◆ WORK TO BE COMPLETED
A faithful copy of the whole listing is the goal. Match it exactly.

◆ PROVIDED DATA
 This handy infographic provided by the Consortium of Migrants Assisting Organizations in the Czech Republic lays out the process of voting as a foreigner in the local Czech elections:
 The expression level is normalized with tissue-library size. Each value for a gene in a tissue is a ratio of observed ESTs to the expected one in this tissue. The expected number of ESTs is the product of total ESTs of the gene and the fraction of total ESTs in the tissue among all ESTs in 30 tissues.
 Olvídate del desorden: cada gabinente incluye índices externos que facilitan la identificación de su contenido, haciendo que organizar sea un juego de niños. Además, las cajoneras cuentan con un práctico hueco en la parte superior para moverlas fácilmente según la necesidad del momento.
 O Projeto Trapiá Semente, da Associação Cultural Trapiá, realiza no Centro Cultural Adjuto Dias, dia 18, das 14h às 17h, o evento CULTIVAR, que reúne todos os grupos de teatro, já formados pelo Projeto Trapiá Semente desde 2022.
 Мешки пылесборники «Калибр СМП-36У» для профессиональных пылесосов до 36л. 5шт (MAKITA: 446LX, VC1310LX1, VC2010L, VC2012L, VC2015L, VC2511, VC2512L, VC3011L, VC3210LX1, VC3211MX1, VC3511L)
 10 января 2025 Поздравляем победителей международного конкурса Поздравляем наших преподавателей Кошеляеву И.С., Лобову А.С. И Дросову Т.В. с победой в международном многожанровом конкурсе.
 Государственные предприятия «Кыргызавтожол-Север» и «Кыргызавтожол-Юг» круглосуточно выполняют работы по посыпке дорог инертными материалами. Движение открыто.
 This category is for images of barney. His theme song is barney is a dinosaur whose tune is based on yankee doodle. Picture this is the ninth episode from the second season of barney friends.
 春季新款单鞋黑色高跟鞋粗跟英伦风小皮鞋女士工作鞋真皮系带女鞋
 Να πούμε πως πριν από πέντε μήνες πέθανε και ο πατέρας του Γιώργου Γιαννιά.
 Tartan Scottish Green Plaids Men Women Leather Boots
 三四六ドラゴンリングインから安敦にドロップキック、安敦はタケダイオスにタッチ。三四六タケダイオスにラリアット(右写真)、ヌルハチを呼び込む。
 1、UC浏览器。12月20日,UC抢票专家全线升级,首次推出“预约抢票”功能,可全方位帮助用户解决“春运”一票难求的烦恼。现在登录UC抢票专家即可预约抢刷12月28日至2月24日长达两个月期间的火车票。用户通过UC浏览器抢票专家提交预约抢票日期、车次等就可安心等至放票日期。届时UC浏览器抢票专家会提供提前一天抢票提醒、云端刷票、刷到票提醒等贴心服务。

◆ ANSWER TO THIS TASK
 This handy infographic provided by the Consortium of Migrants Assisting Organizations in the Czech Republic lays out the process of voting as a foreigner in the local Czech elections:
 The expression level is normalized with tissue-library size. Each value for a gene in a tissue is a ratio of observed ESTs to the expected one in this tissue. The expected number of ESTs is the product of total ESTs of the gene and the fraction of total ESTs in the tissue among all ESTs in 30 tissues.
 Olvídate del desorden: cada gabinente incluye índices externos que facilitan la identificación de su contenido, haciendo que organizar sea un juego de niños. Además, las cajoneras cuentan con un práctico hueco en la parte superior para moverlas fácilmente según la necesidad del momento.
 O Projeto Trapiá Semente, da Associação Cultural Trapiá, realiza no Centro Cultural Adjuto Dias, dia 18, das 14h às 17h, o evento CULTIVAR, que reúne todos os grupos de teatro, já formados pelo Projeto Trapiá Semente desde 2022.
 Мешки пылесборники «Калибр СМП-36У» для профессиональных пылесосов до 36л. 5шт (MAKITA: 446LX, VC1310LX1, VC2010L, VC2012L, VC2015L, VC2511, VC2512L, VC3011L, VC3210LX1, VC3211MX1, VC3511L)
 10 января 2025 Поздравляем победителей международного конкурса Поздравляем наших преподавателей Кошеляеву И.С., Лобову А.С. И Дросову Т.В. с победой в международном многожанровом конкурсе.
 Государственные предприятия «Кыргызавтожол-Север» и «Кыргызавтожол-Юг» круглосуточно выполняют работы по посыпке дорог инертными материалами. Движение открыто.
 This category is for images of barney. His theme song is barney is a dinosaur whose tune is based on yankee doodle. Picture this is the ninth episode from the second season of barney friends.
 春季新款单鞋黑色高跟鞋粗跟英伦风小皮鞋女士工作鞋真皮系带女鞋
 Να πούμε πως πριν από πέντε μήνες πέθανε και ο πατέρας του Γιώργου Γιαννιά.
 Tartan Scottish Green Plaids Men Women Leather Boots
 三四六ドラゴンリングインから安敦にドロップキック、安敦はタケダイオスにタッチ。三四六タケダイオスにラリアット(右写真)、ヌルハチを呼び込む。
 1、UC浏览器。12月20日,UC抢票专家全线升级,首次推出“预约抢票”功能,可全方位帮助用户解决“春运”一票难求的烦恼。现在登录UC抢票专家即可预约抢刷12月28日至2月24日长达两个月期间的火车票。用户通过UC浏览器抢票专家提交预约抢票日期、车次等就可安心等至放票日期。届时UC浏览器抢票专家会提供提前一天抢票提醒、云端刷票、刷到票提醒等贴心服务。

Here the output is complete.